TASK TO COMPLETE:
In this exercise, the entries below include pictures. Repeat exactly the lines from the line with "color oil leather)" to the line with "Однако, альянс не", including both, but without the pictures.

DATA:
━━━━━━━━━━

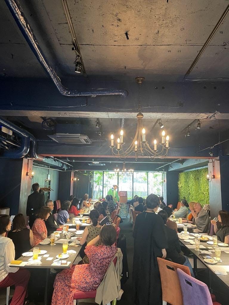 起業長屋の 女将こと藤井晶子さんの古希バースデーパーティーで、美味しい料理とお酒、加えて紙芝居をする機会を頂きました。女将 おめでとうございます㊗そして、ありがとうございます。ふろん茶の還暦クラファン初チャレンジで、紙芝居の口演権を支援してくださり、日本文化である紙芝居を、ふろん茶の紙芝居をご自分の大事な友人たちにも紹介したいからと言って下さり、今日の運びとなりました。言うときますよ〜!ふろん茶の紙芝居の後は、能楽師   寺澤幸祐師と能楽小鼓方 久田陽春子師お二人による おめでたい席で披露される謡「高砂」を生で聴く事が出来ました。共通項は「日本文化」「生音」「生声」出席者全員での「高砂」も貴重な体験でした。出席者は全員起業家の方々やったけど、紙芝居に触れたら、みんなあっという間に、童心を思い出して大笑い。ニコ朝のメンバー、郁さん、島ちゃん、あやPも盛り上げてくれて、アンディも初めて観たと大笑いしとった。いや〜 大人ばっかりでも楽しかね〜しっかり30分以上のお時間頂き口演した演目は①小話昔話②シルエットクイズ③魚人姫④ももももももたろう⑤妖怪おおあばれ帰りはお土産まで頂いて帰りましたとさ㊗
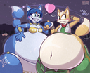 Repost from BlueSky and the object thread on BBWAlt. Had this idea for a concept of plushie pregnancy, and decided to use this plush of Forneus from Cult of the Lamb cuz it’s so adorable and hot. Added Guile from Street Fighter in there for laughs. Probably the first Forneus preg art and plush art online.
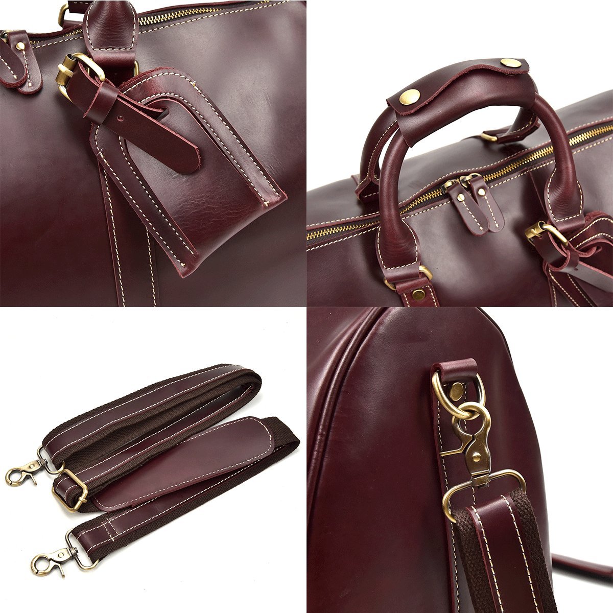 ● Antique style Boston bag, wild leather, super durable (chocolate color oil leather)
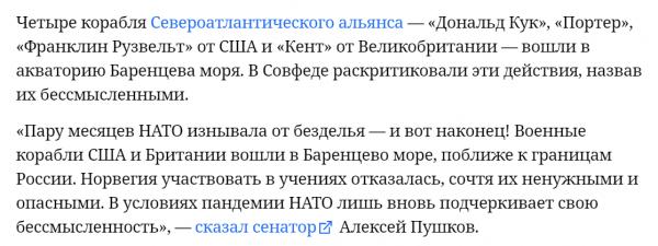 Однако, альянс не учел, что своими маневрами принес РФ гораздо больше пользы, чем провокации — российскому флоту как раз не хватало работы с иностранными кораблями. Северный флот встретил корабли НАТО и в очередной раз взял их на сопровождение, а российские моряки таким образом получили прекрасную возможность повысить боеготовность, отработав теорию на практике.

━━━━━━━━━━

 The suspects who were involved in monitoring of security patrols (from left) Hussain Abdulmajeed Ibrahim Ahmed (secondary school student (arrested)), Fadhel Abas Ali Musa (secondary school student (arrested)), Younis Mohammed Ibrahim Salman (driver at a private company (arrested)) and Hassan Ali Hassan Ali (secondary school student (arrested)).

━━━━━━━━━━

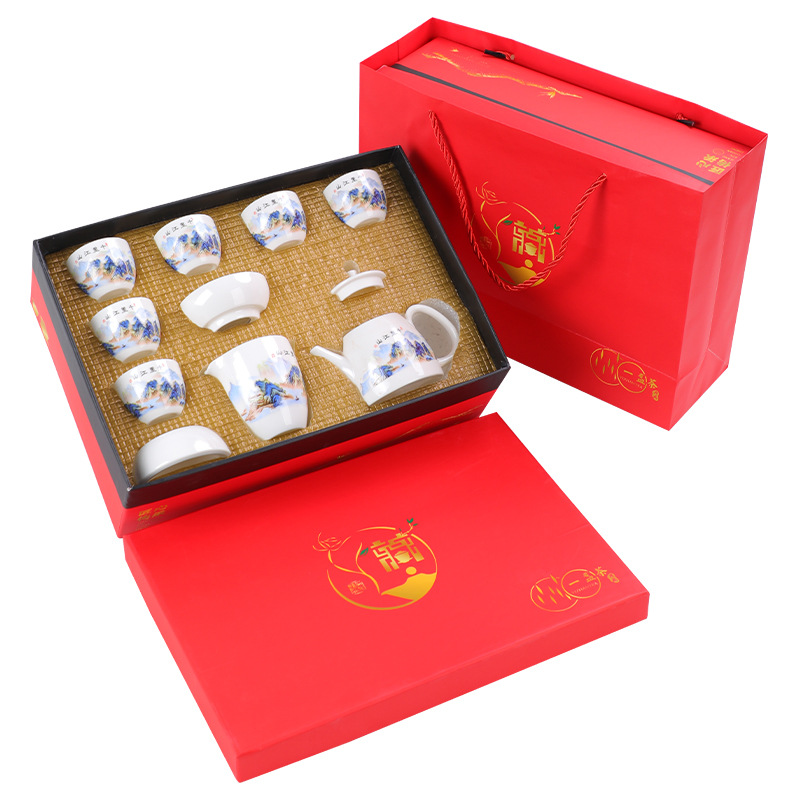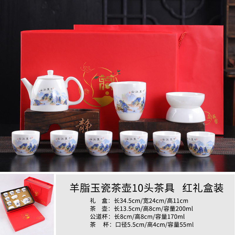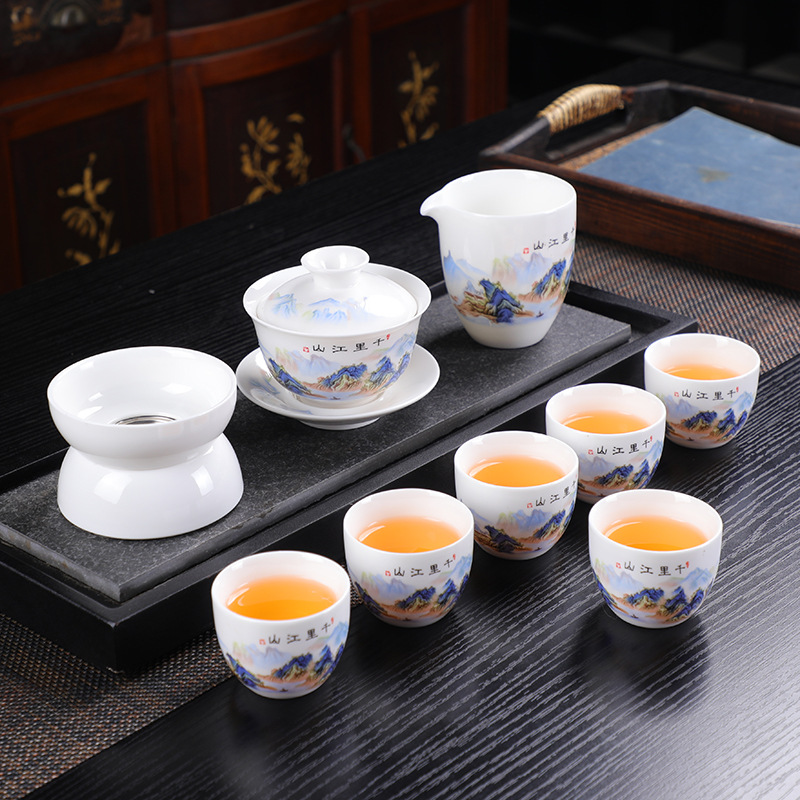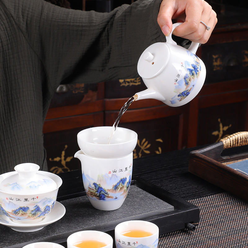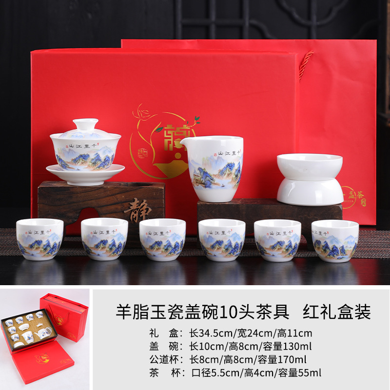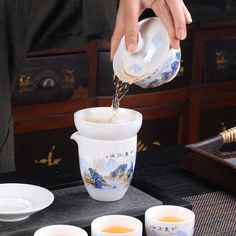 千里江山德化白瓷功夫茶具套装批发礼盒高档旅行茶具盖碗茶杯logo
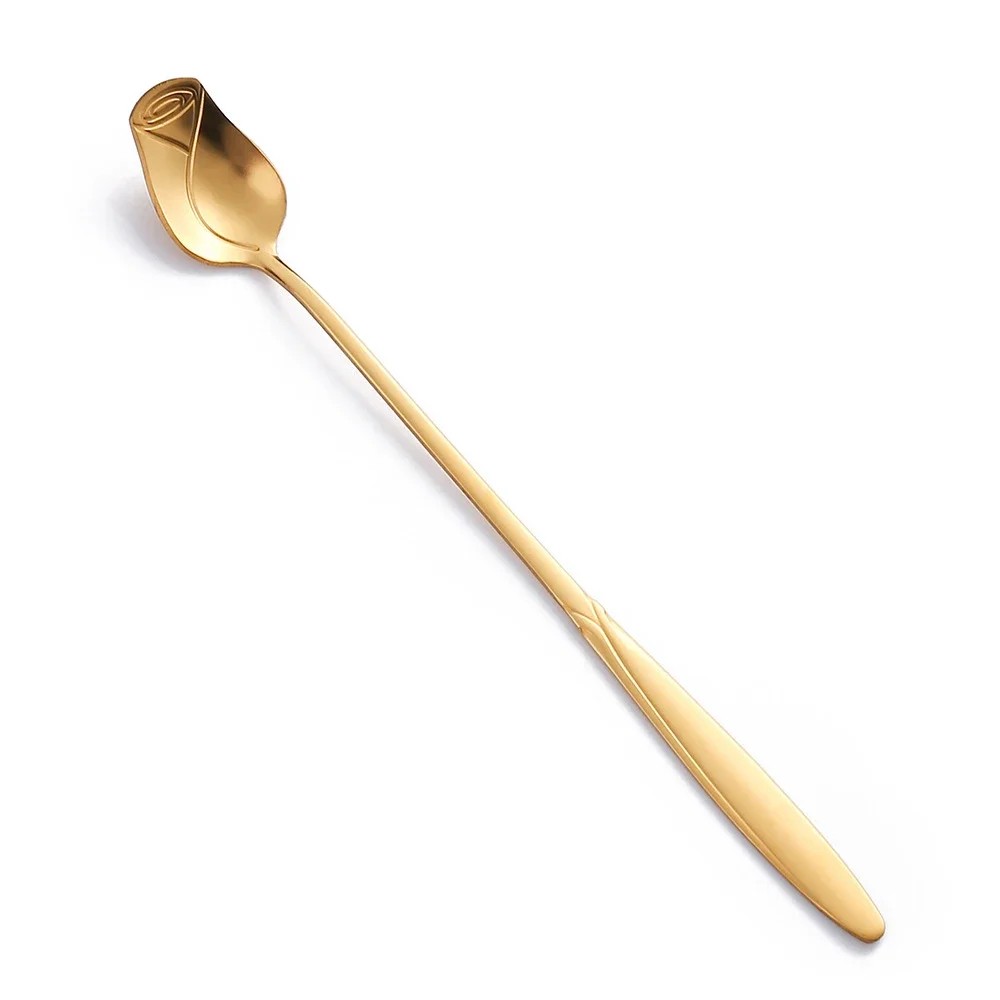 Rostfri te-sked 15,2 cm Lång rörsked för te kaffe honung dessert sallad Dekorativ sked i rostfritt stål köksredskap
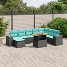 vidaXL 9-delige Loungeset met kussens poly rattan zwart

━━━━━━━━━━

YOUR SOLUTION:
 ● Antique style Boston bag, wild leather, super durable (chocolate color oil leather)
 Однако, альянс не учел, что своими маневрами принес РФ гораздо больше пользы, чем провокации — российскому флоту как раз не хватало работы с иностранными кораблями. Северный флот встретил корабли НАТО и в очередной раз взял их на сопровождение, а российские моряки таким образом получили прекрасную возможность повысить боеготовность, отработав теорию на практике.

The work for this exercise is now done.